A través de la noche polar,  en una ballena volante 

A pesar de estos preliminares irreverentes, el vuelo en sí fue una experiencia magnífica. Ningún adjetivo menos elogioso concordaría con el paisaje sobre el cual flotamos durante cuatro indiscernibles días y noches del sol nocturno, ni con la nave que nos trasportaba. 
Desde que se abandonó la construcción de naves aéreas más livianas que el aire, el Zeppelin ha pasado a ser una curiosidad histórica, un monstruo anticuado como el dinosaurio. Representaba, lo mismo que el dinosaurio y por motivos similares, el último producto de una rama muerta de la evolución: era demasiado voluminoso, vulnerable y lento. Pero era un monstruo de suprema belleza, ídolo y fetiche de una nación que se entrega fácilmente a la idolatría. Con su forma de pez dorado gigantesco, medía desde una punta hasta la otra 240 metros, dos veces la longitud máxima de un campo de fútbol. Tenía 40 metros de altura, la altura de un edificio de doce pisos, o del campanario de una iglesia mediana. Su piel tersa y lustrosa de aluminio brillaba como plata, y su tersura ininterrumpida hacía que de lejos pareciera un animal vivo; una colosal y benévola Moby Dick del aire, que flotaba serenamente entre las nubes. 

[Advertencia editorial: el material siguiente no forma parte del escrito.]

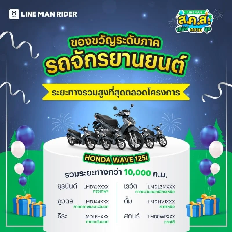 ขอแสดงความยินดีกับผู้ที่ได้รับของขวัญ และขอขอบคุณไรเดอร์ที่ร่วมเป็นส่วนหนึ่งของกิจกรรมเสิร์ฟความสุขตลอดปีใหม่
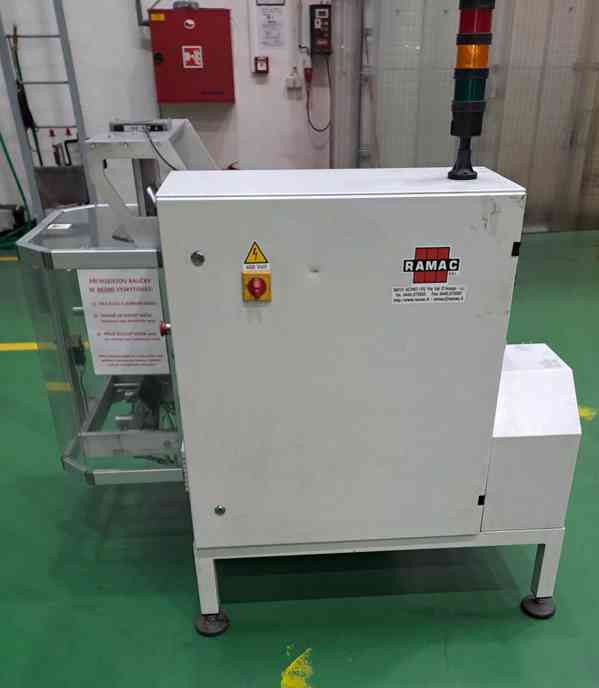 Prodáme použitý balící stroj VERT 0410, výrobce: Ramac, Itálie, r. v. 2018. Ve firmě skončila výroba jednoho dílu, který se balil do PE sáčků o rozměrech cca 50 x 80 mm. Stroj je možný uzpůsobit na balení sáčků v rozmezí šířek zhruba od 20 do 120 mm. Tok strojů byl okolo 40 sáčků za minutu. V případě zájmu jsou k dispozici i dopravníčky, které odvážely sáčky s díly do krabic. Stroj se k proudu připojit dá, ale těžko říci, jak moc se bude dát ukázat jeho provoz. Balící stroj byl součástí montážní linky, která je již zlikvidována. Stroj je nyní odpojený a uskladněný, obhlídka je možná. Ke stroji je český návod k obsluze a údržbě spolu s technickými parametry stroje.

La barquilla de los pasajeros (los alemanes la llaman «góndola», que resulta más poético) está situada debajo del cuerpo de la nave, cerca del frente. Alberga el puente del comandante y las habitaciones de los pasajeros, decoradas éstas con todo el lujo de un gran trasatlántico moderno. En el extremo posterior de la barquilla hay una puertecita, generalmente cerrada. Esta puerta da a un largo corredor oscuro que comunica con la región del misterio, el vientre de la ballena. Y es en verdad un lugar sumamente fantástico. 
Todo ese espacio interior, más vasto que una catedral, pero estirado como un cigarro de 240 metros, está lleno de oscuridad, de olor de almendras amargas, y de un rumor apagado, grave, como el lento batir de las alas de invisibles murciélagos. El olor se debe a la presencia de gas cianhídrico, y el rumor al aleteo de los globos llenos de hidrógeno, que son las entrañas vitales de la ballena volante, sus vejigas natatorias, cuya liviandad mantiene en el aire la enorme estructura. Estos globos están dispuestos en dos filas a lo largo de todo el espacio interior, como peras gigantescas colgadas al revés, más o menos a quince metros de distancia entre sí. A la presión normal del aire, cuando la nave se encuentra en el suelo, cuelgan fláccidas, arrugadas y blandas, como los pechos oscilantes de las viejas brujas; pero cuando la nave asciende a las capas de aire rarificado, se inflan, se vuelven rotundas y tersas, y llenan de rumores el vientre de la ballena, como el chasquido de miles de látigos. Entre las hileras de globos corre un angosto y peligroso pasadizo, suspendido en el vacío y la oscuridad, que sólo tiene como baranda un cable vibrante, y debajo un abismo de veinte metros. Desde este pasadizo, se atiende a las necesidades de los globos, a la luz de lámparas de Davy, como las utilizadas en las minas, a causa del enorme peligro de una explosión.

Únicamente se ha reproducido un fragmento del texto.